Music of Mendelssohn, Reimann, and Schumann

Composer Robert Schumann frequently felt that the music of Felix Mendelssohn is filled with what Schumann envied as “ease” or “facility”. Schumann’s String Quartet no.1 in E flat major was written in the late summer of 1829, when the composer was not yet 20. There is a kind of cross-fertilization between the attention to detail and fresh approach taken by the Schumann Quartet and the modernity of the almost youthful Mendelssohn; the result is featured in the amazing joy of music-making in the fourth movement. Schumann and Mendelssohn provide the framework into which Aribert Reimann then sets “his” Schumann tribute.

Reimann is one of today’s most successful composers and is linked to the composer of the Romantic era born in Zwickau, Saxony, by more than music. He is in fact a direct descendant of the physician who treated Schumann at the psychiatric hospital in Endenich and has therefore had access to the patient file detailing the precarious balance of Schumann’s emotional state. His attitude to Schumann is therefore a reflection of those impressions. The ‘Adagio zum Gedenken an Robert Schumann’ (Adagio to the memory of Robert Schumann) based on two unfinished chorales without words was composed as a result of intensive and personal cooperation between the performing quartet and Reimann.

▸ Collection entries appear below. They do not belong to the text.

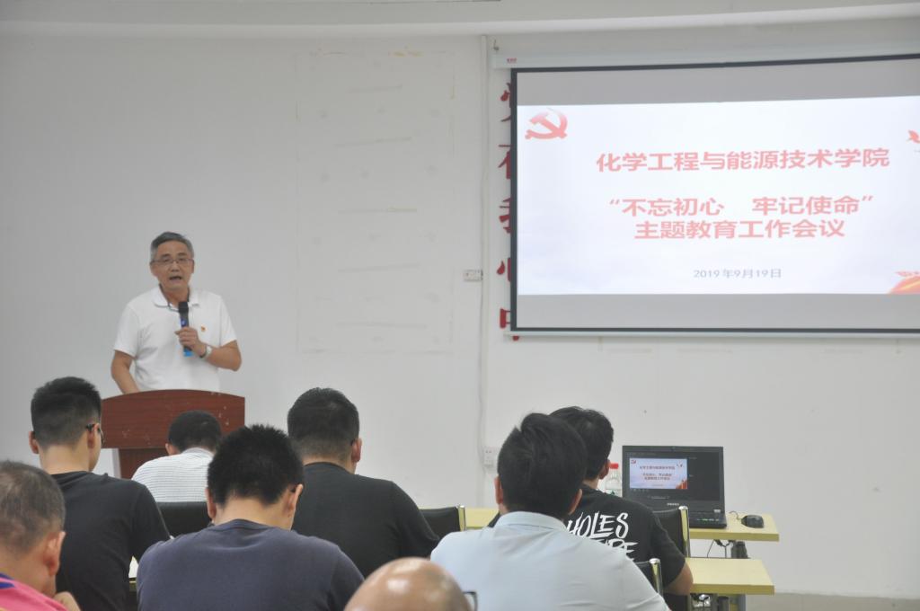 学院党委书记夏勇传达了学校主题教育动员部署会议精神,以及成洪波书记的讲话精神,介绍了化能学院主题教育实施方案,部署我院学习教育安排,并强调:这次主题教育的根本任务是要深入学习贯彻习近平新时代中国特色社会主义思想;总要求是全面把握守初心、担使命、找差距、抓落实;抓好学习教育、深入调查研究、认真检视问题、从严整改落实,努力实现理论学习有收获、思想政治受洗礼、干事创业敢担当、为民服务解难题、清正廉洁作表率的目标。要求根据校党委工作部署,在学院全体党员中组织开展主题教育活动。本次主题教育活动从2019年9月开始,11月底基本结束。本次主题教育不划阶段、不分环节,要求把学和做结合起来,把查和改贯通起来,有机融合、贯穿始终。通过学习教育、调查研究、检视问题,着力解决基层党组织建设、教育教学工作、学科建设工作、教师队伍建设、意识形态工作、学生社团工作等工作中存在的突出问题,努力实现主题教育的各项目标要求,确保主题教育深入扎实推进,取得实实在在的效果。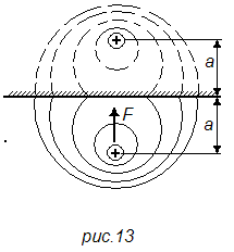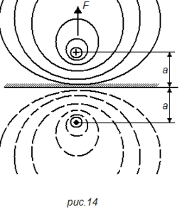 Если проводник с током находится внутри ферромагнитной массы (рис. 14), то те же силы будут отталкивать его от границы раздела. Картина поля, а следовательно, и сила взаимодействия будут такими, как если бы за пределами ферромагнитной массы на таком же расстоянии был расположен проводник с таким же током, но обратного направления. Значение силы определяется тем же уравнением (50).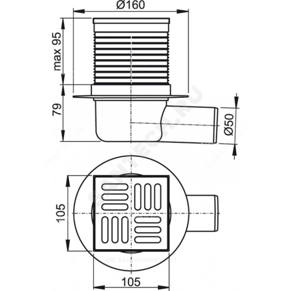 Корпус сливного трапа с боковым подключением к стоку Д 50 Горловина сливного трапа 105х105 мм Решетка из нержавеющей стали Мокрый гидрозатвор Комплект прокладок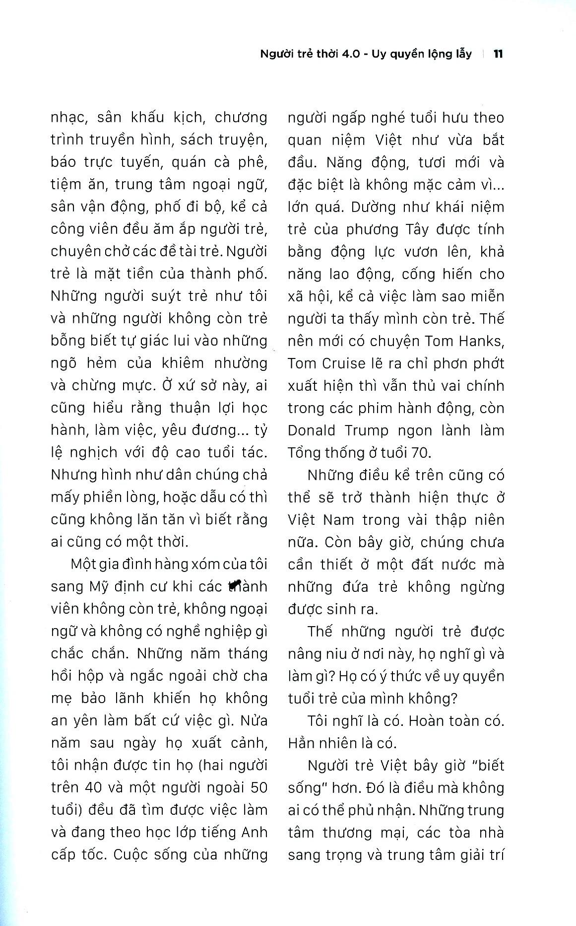 Nhiều tác giả Hồ Ngọc Đoan Khương, Trần Lê Hoa Tranh, Phương Dung, Diễm Trang, Thanh Vy, Hạnh Jiu, Kim Loan, Phương Thúy, Ngọc Huyền, Nguyễn Hồng Anh, Đoàn Khuyên, Hoàng Mai, Vũ Thị Thanh Tâm, Hạ Nguyên, Ngô Phương Từ. Người “suýt” trẻ nghĩ về người trẻ Mà người trẻ là ai vậy? Là những ai nhỏ hơn các đấng bậc trung niên và đã qua tuổi thanh thiếu niên. Là những ai đang tự hào đoan chắc mình là nhân vật chính trong mấy câu triết lý nhan nhản trên mạng kiểu “Tuổi thanh xuân giống như một cơn mưa rào, dù cho bạn từng bị cảm lạnh vì tắm mưa thì bạn vẫn muốn được đắm mình trong cơn mưa ấy lần nữa” hay “Không điên cuồng sao gọi là thanh xuân?”. Là những ai sáng vẫn ngủ nướng ngon lành nếu không phải đến lớp hoặc chỗ làm, trưa thèm bánh tráng trộn, trà sữa, tối thở dài vì thảm trạng FA (forever alone) và tối hôm sau lại khóc ướt gối vì thất tình hoặc vì được nhiều người vây bủa quá. Là những ai kè kè chiếc điện thoại dù thượng vàng hạ cám gì thì nhất định không được ngốc xít mà phải thông minh và vô Facebook được. Là những ai hừng hực khí thế xông pha vào tất thảy mọi sự trên đời. Và, là những ai nghĩ mình trẻ (như tôi chẳng hạn, ha ha!). Hay là thử phác thảo chân dung người trẻ thời 4.0 bằng một tập sách? Để chúng tôi hình dung, mô tả, nhận xét… về người trẻ Việt trong thời đại ăm ắp công nghệ và những biến động toàn cầu này liệu có khách quan không, có đầy đủ không? Chắc chắn là không. Nhưng tin rằng bức tranh người trẻ do chúng tôi họa nên có một dấu ấn riêng, trước hết vì nó được khởi nguồn từ chất liệu rất thật: tuổi trẻ của chính chúng tôi, say sưa kể câu chuyện của mình, lấy chính bản ngã của mình - từ chuyện ăn-đọc-họclàm-chơi đến chuyện ý thức, sức khỏe, đức tin, yêu đương, sai lầ - để đong đếm, đánh giá về người trẻ đương đại. Sài Gòn, 28/03/2019 Diễm Trang - Người trẻ cứ sai vì cuộc đời cho phép, cứ trả giá vì ngã rồi tự khắc lớn khôn thêm. - Nếu chúng ta quan niệm văn hóa dân gian như một không gian văn hóa truyền thống, phi chính thống, linh hoạt và tương thích với từng thời đại, thì sẽ không có gì là xộc xệch nếu chúng ta xếp mạng xã hội hay môi trường internet đương đại vào khung văn hóa dân gian cả - Đoạn tuyệt với lịch sử, với truyền thống sẽ tạo nên những công dân bơ vơ, mất ý thức về bản sắc - điều tạo nên căn cước của mỗi chúng ta trong thời đại hội nhập và toàn cầu hóa - Các độc giả hãy tận hưởng một kỷ nguyên thông tin đa sắc màu, hòa mình vào thế giới sống động ấy một cách khôn ngoan, không tự biến mình thành “con trâu” để bị xỏ mũi. - Đã xưa rồi cái thời muốn đi ăn, đi uống cà phê phải hỏi dò tìm quán, đi mua quần áo phải tới tận tiệm để thử đồ, đi chơi phải lên kế hoạch hàng mấy tháng trời hay có khi từ… năm trước. Bây giờ, chỉ cần một chiếc smartphone có kết nối mạng, bạn muốn gì cũng có và đi đâu cũng tới chỉ trong vòng một nốt nhạc. - Mỗi nơi các bạn đến, những trải nghiệm, những kiến thức và kinh nghiệm mà các bạn có được, thông qua mạng xã hội đã giúp cho mọi người gần nhau hơn, có thêm nhiều chọn lựa hơn cho những dự định và những mơ ước của chính mình. - Nylon và câu chuyện môi trường muôn thưở. Dẫu biết rằng muốn làm nên sự khác biệt có lúc cần phải quyết liệt và cực đoan, nhưng mình không phải là nhà hoạt động môi trường, mà chỉ lựa chọn điều chỉnh hành vi của bản thân sao cho thân thiện hơn với môi trường qua từng ngày. - Chúng ta có nhiều cách trưởng thành, du học là một trong những cách trưởng thành. Du học là chuyến đi lớn của cuộc đời, là cơ hội để các em trải nghiệm, vấp ngã, bước ra khỏi vùng an toàn và trưởng thành. - Trước đây, khi giáo dục còn mang tính ao làng, cái lớn nhất người du học đạt được là kiến thức. Nhưng bây giờ, cái quý nhất của một du học sinh là học được cách để làm mọi việc tốt nhất. Để mở cánh cửa này, người trẻ cần hai chìa khóa là ngoại ngữ và khả năng tự học tốt - Hãy tận dụng triệt để mọi cơ hội và phát huy nội lực của mình. Khi đó, ngoại cảnh lý tưởng sẽ mở ra trước mắt. Cơ hội dành cho tất cả, hãy chắc chắn là mình muốn và xách ba lô lên thôi! - Thực lòng, tôi thích phép thử và sai đó, hơn là bất kỳ sự lửng lơ nào. Dù sao thì khi ta sai, ta sẽ biết cách đối xử với tương lai bằng điều đúng đắn hơn. Đau khổ ư? Thì có gì đáng sợ? Ta chẳng phải đang có tuổi trẻ để chống đỡ lại rồi đó sao? - Tính dục là chuyện tự nhiên của con người từ khi đến tuổi dậy thì. Tôi đã đọc ở đâu đó sự xếp hạng các hành vi tính dục. Các nhà khoa học nói nhu cầu về tình dục trong con người cũng tự nhiên và cần thiết giống như các nhu cầu ăn, uống, ngủ nghỉ… Bởi vì nó tự nhiên, nó cần được diễ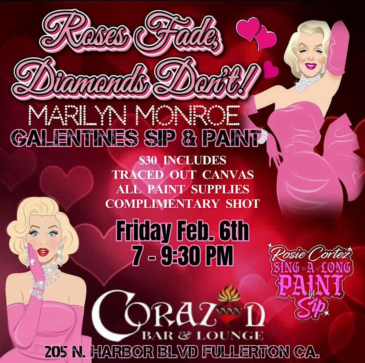 Celebrate Galentine's in glamorous style at our Marilyn Monroe - themed Sip N Paint night! Channel old Hollywood vibes as you paint a stunning Marilyn-inspired canvas while enjoying music, laughs, and drinks with your girl.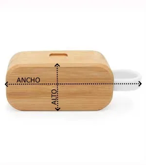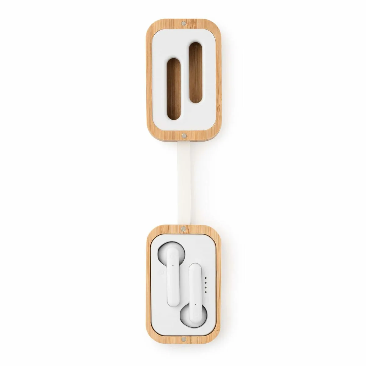 Auriculares inalámbricos Bluetooth 5.0 con estuche de carga en bambú natural. Botón multifunción integrado en ambos auriculares. Función manos libres. Batería recargable. Cable incluido. Presentación en caja diseño eco.

In Reimann’s arrangement of the 6 Gesänge op.107, the ensemble succeeds in fulfilling Schumann’s wish for an “additional, fully-formed accompanying instrument”. Reimann’s skill in handling the original brings out the fine features and nuances of the lyrics. The quartet and the singer complement each other so effortlessly that the unusual combination sounds like a quintet that has been working together for many years.